Activity: In the records below, the line with "For a charming" opens the range and the line with "NEW DINOSAUR PRINT" closes it; print that range exactly and nothing else.

Records shown:
....

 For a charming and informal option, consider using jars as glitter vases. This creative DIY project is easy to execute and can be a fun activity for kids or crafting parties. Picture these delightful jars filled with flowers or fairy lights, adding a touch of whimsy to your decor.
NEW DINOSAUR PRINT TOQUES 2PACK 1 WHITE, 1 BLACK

....

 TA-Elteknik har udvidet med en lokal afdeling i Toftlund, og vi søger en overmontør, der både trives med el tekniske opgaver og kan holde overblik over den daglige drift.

....

Output:
 For a charming and informal option, consider using jars as glitter vases. This creative DIY project is easy to execute and can be a fun activity for kids or crafting parties. Picture these delightful jars filled with flowers or fairy lights, adding a touch of whimsy to your decor.
NEW DINOSAUR PRINT TOQUES 2PACK 1 WHITE, 1 BLACK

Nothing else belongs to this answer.